The Canadian Dollar (CAD) surged on Tuesday after market sentiment recovered from a bout of tariff fears, sending the Canadian Dollar just high enough to crash back into familiar consolidation territory after a brief test of two-decade lows.
A stiff 25% tariff on all Canadian goods and a 10% import fee on Canadian energy products was waved off for 30 days by US President Donald Trump on Monday. The US has agreed to temporarily suspend its plans to tax its own citizens for demanding Canadian-made goods, which includes approximately 60% of all US-consumed fuel and roughly 40% of all vehicles purchased. With a third kick of the can on President Trump’s tariffs, investors will likely view any further threats of import tariffs as simply a strongarm measure for Donald Trump to secure concessions from key trade allies with the US, most of which were already agreed to with the previous US administration.
The Canadian Dollar’s crash-and-bounce sent USD/CAD briefly to two-decade highs near 1.4800 before correcting sharply back below the 1.4400 handle on Tuesday. Despite firm gains behind the Loonie, Tuesday’s correction was only enough to plant USD/CAD back into its recent consolidation range between 1.4300 and 1.4500.
Price action continues to grind into a familiar pattern, albeit with quick spikes in either direction as the pair muddles along the midrange.
The key factors driving the Canadian Dollar (CAD) are the level of interest rates set by the Bank of Canada (BoC), the price of Oil, Canada’s largest export, the health of its economy, inflation and the Trade Balance, which is the difference between the value of Canada’s exports versus its imports. Other factors include market sentiment – whether investors are taking on more risky assets (risk-on) or seeking safe-havens (risk-off) – with risk-on being CAD-positive. As its largest trading partner, the health of the US economy is also a key factor influencing the Canadian Dollar.
The Bank of Canada (BoC) has a significant influence on the Canadian Dollar by setting the level of interest rates that banks can lend to one another. This influences the level of interest rates for everyone. The main goal of the BoC is to maintain inflation at 1-3% by adjusting interest rates up or down. Relatively higher interest rates tend to be positive for the CAD. The Bank of Canada can also use quantitative easing and tightening to influence credit conditions, with the former CAD-negative and the latter CAD-positive.
The price of Oil is a key factor impacting the value of the Canadian Dollar. Petroleum is Canada’s biggest export, so Oil price tends to have an immediate impact on the CAD value. Generally, if Oil price rises CAD also goes up, as aggregate demand for the currency increases. The opposite is the case if the price of Oil falls. Higher Oil prices also tend to result in a greater likelihood of a positive Trade Balance, which is also supportive of the CAD.

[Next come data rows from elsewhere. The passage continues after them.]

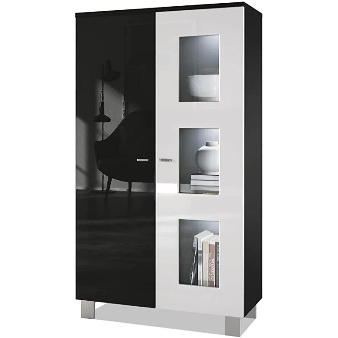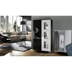 Meuble de rangement : Conçu pour optimiser l’espace de rangement, ce meuble vitrine affiche un style moderne. Il comprend un panneau arrière en fibres dures aspect bois, 2 portes ouvrant sur 6 vastes compartiments et 4 tablettes amovibles.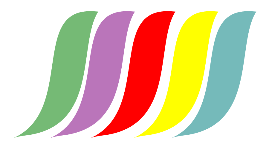 This features a colorful abstract design, consisting of various shapes and colors. There are five distinct sections in the design, each with its own unique hue and pattern. These sections include a yellow section on the left side, a red section in the middle, a blue section on the right side, a green section at the top, and a purple section at the bottom. The combination of these colors creates an eye-catching and vibrant visual effect that draws attention to the design.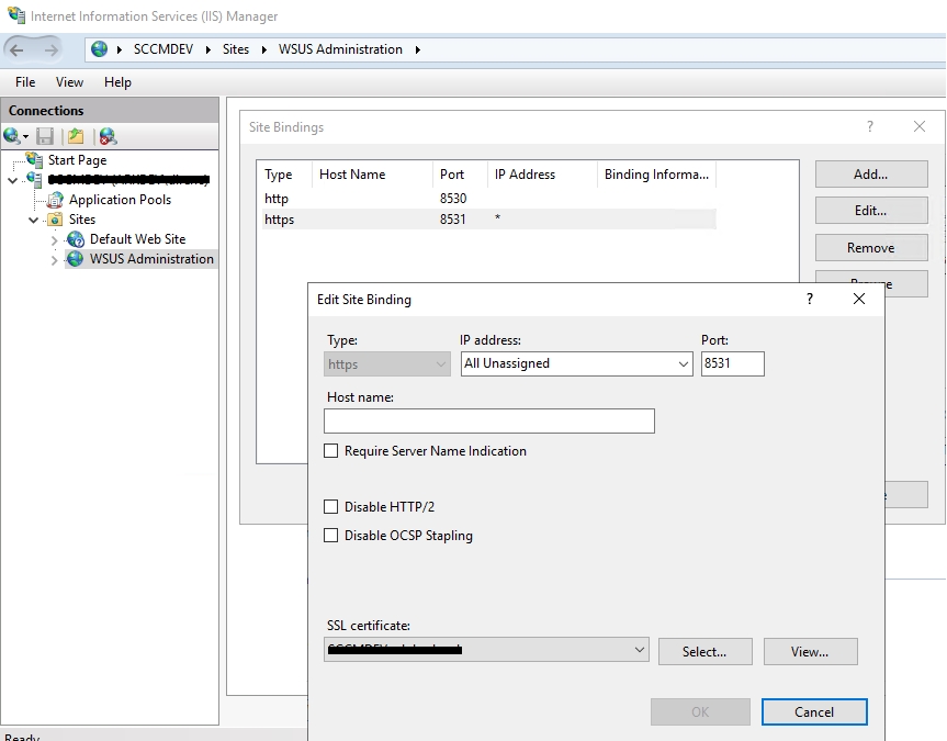 To deploy 3rd party updates with WSUS and/or SCCM, SSL configuration on WSUS is required. Below are the steps to be done on WSUS and SCCM.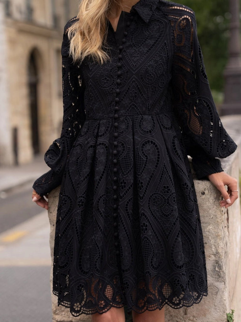 Step out in style with the Sloane Embroidered Cotton Lace Dress, with its stunning blouse collar, front buttons and slightly puffed long sleeves. The dress also features an adjusted and flared waist at the bottom for a flattering silhouette, and an inner lining for extra comfort - what more could you ask for? Pick your favorite color between black or ecru and get ready to take on autumn in the most sophisticated way!
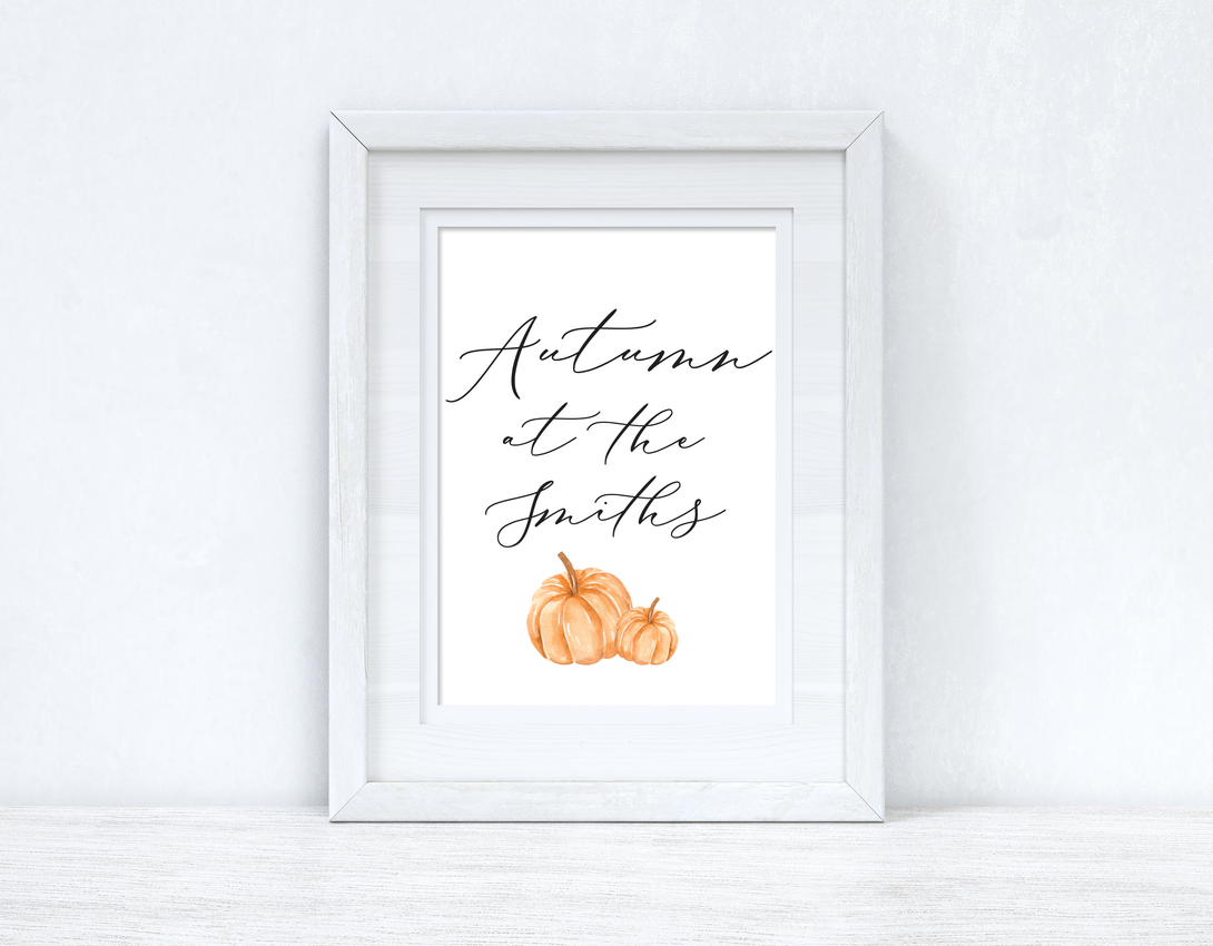 Personalised Autumn At The Surname Pumpkin Autumn Seasonal Wall Home Decor Print

While inflation had always traditionally been thought of as a negative factor for a currency since it lowers the value of money, the opposite has actually been the case in modern times with the relaxation of cross-border capital controls. Higher inflation tends to lead central banks to put up interest rates which attracts more capital inflows from global investors seeking a lucrative place to keep their money. This increases demand for the local currency, which in Canada’s case is the Canadian Dollar.

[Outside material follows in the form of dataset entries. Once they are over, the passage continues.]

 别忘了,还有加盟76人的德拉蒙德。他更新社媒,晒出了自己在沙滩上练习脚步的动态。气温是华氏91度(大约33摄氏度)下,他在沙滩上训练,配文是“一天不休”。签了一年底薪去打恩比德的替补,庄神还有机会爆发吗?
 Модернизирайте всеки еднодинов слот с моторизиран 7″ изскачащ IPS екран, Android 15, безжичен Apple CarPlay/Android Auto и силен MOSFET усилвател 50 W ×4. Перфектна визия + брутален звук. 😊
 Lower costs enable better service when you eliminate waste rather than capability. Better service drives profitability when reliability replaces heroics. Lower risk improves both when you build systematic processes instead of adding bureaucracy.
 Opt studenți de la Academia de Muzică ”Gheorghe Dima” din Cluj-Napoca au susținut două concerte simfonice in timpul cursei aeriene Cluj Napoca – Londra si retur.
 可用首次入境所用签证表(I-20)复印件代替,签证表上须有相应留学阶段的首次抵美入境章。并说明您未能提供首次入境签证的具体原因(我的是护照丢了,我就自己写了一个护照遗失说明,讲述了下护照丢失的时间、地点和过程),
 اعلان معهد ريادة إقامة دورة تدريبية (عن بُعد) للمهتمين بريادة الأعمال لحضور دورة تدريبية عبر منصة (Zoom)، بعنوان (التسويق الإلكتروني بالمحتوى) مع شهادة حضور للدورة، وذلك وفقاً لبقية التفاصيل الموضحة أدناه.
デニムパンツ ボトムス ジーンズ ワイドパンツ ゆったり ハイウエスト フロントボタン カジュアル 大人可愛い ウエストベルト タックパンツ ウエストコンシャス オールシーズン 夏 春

Macroeconomic data releases gauge the health of the economy and can have an impact on the Canadian Dollar. Indicators such as GDP, Manufacturing and Services PMIs, employment, and consumer sentiment surveys can all influence the direction of the CAD. A strong economy is good for the Canadian Dollar. Not only does it attract more foreign investment but it may encourage the Bank of Canada to put up interest rates, leading to a stronger currency. If economic data is weak, however, the CAD is likely to fall.